South Korean semiconductor giant Samsung Electronics said on Monday it had developed the world's first 16-gigabit NAND flash memory chips using 50-nanometre technology.
Samsung said the new memory chip can store data equivalent to 200 years of a 40-page broadsheet daily newspaper, 8,000 digital music files or 32 hours of DVD-quality movie files on a single memory card.
The firm said it was the world's first flash memory chip with the cutting-edge 50-nanometer technology. Currently, 80-nano technology is the standard for memory chips.
The new chip holds 16.4 billion functional transistors, each measuring one two-thousandths of a metre, the thickness of a human hair, Samsung said..
Samsung, the world largest maker of dynamic random access memory chips (DRAMs), plans to begin mass production of the 16-gigabit NAND flash memory chip from the second half of 2006.

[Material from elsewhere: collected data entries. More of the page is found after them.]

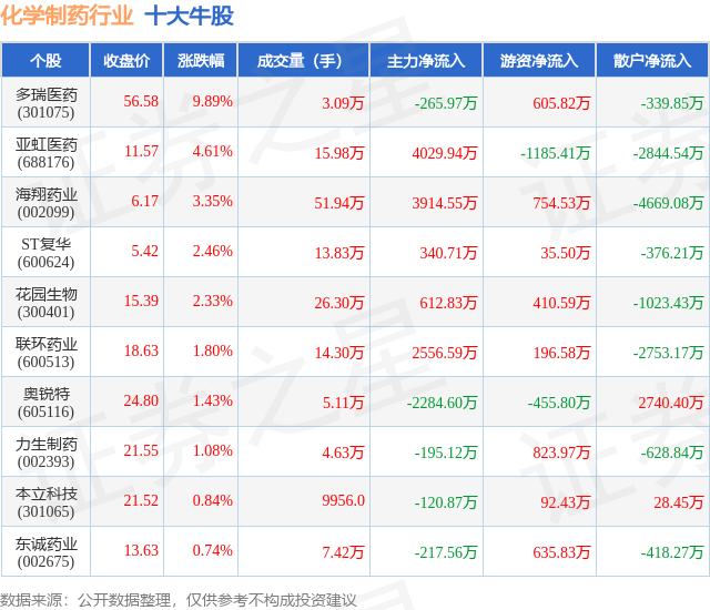 个股表现方面,化学制药行业当日领涨股为多瑞医药(301075),该股当日报收56.58,上涨9.89%,成交量3.09万,主力资金净流出265.97万元。亚虹医药(688176)以上涨4.61%紧随其后,该股当日成交量15.98万,主力资金净流入4029.94万元。除此之外,海翔药业(002099)、ST复华(600624)、花园生物(300401)均进入当日牛股之列。具体个股列表见下表:
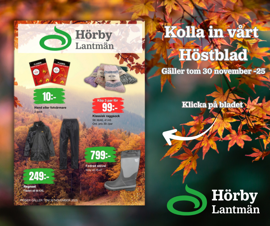 Beställ före 12:00 så levererar vi före 15 dagen efter (OM varan finns på lager). Varan ställs då utanför er dörr med följesedel eller kvitto bifogad (vi ringer innan leverans – ansvaret för varan som ställs vid dörren är kundens).
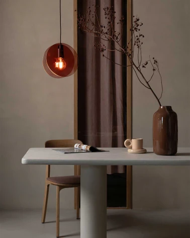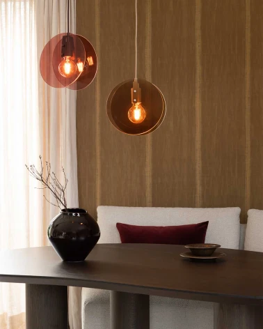 Závesná lampa Toledo od It’s About RoMi spája retro šarm s modernou eleganciou. Vrstvené sklenené tienidlo a kovové detaily vytvárajú teplé, rozptýlené svetlo a príjemnú atmosféru. Vynikne nad jedálenským stolom či v obývačke ako štýlový stredobod interiéru.
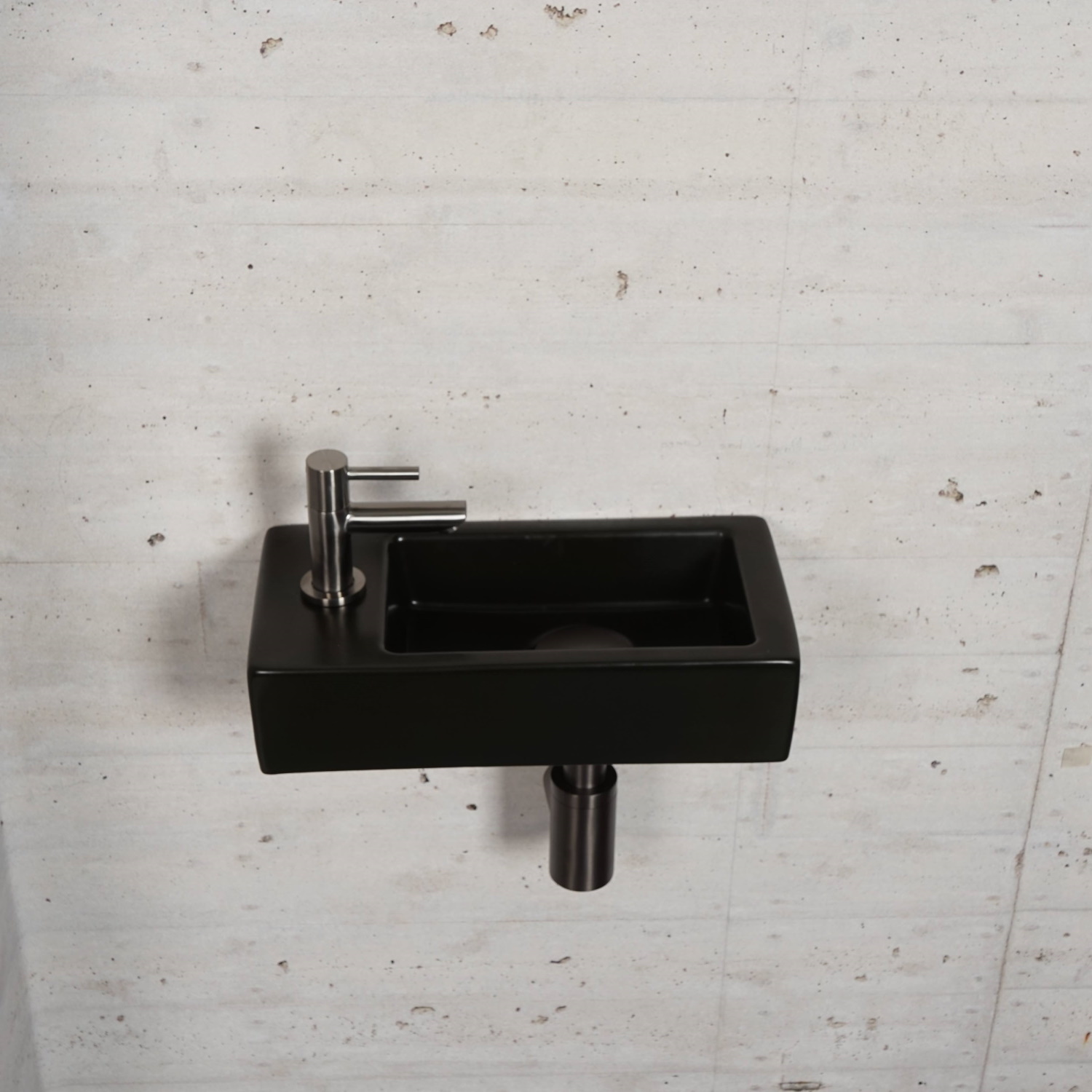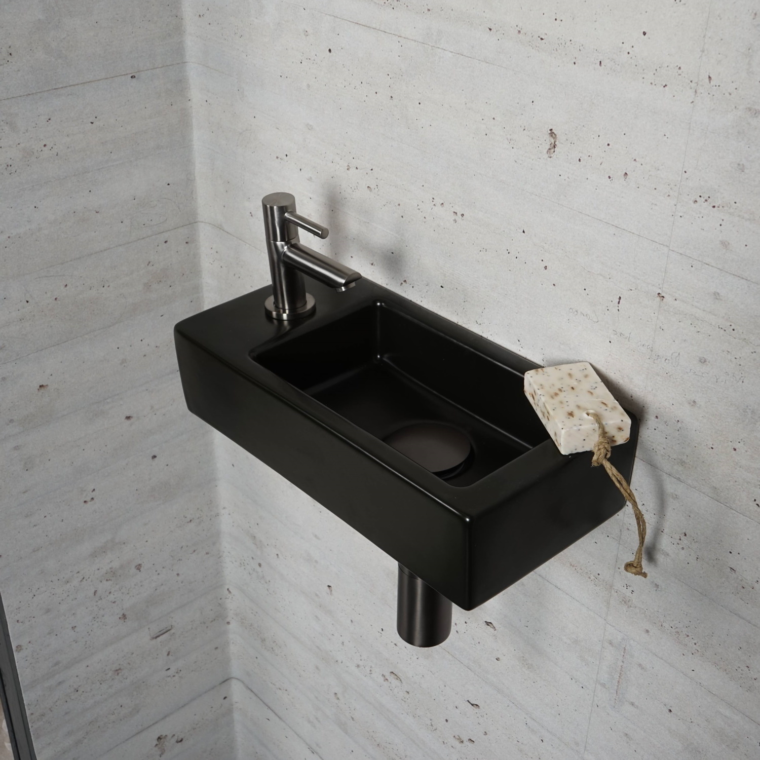 De fontein kent verder een mat zwarte kleur en heeft een rechthoekige vorm. Aan de linkerkant van het fonteintje bevindt zich het kraangat.
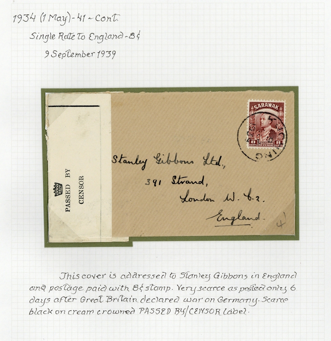 1939 (9 Sept.) envelope franked at 8c. and 1939 (3 Dec.) envelope franked at 55c., both from Kuching to London and showing censor label; 1939 (16 Dec.) envelope from Kuching to Scotland franked at 55c., 1940 (28 Mar.) envelope from Sibu to Wales franked at $1.10, 1940 (29 May) envelope from Miri to Chelmsford franked at 8c. and 1941 (27 Nov.) envelope from Miri to USA franked at 12c., each showing framed "passed by/censor" h.s., the last a smaller type

Samsung expects the global market for 16-gigabit NAND flash memory chips to grow to 14 billion billion dollars by 2010. Unlike conventional memory chips for personal computers, flash memory can retain and store information even when a device's power is turned off.
"Memory is opening a bold new world in consumer electronics," said Samsung's semiconductor business division president, Hwang Chang-Gyu.
"With cards containing multiple 16-gigabit flash memory chips, you will be able to take your entire music and personal video libraries with you on one small portable device," he said, Economic Times reported.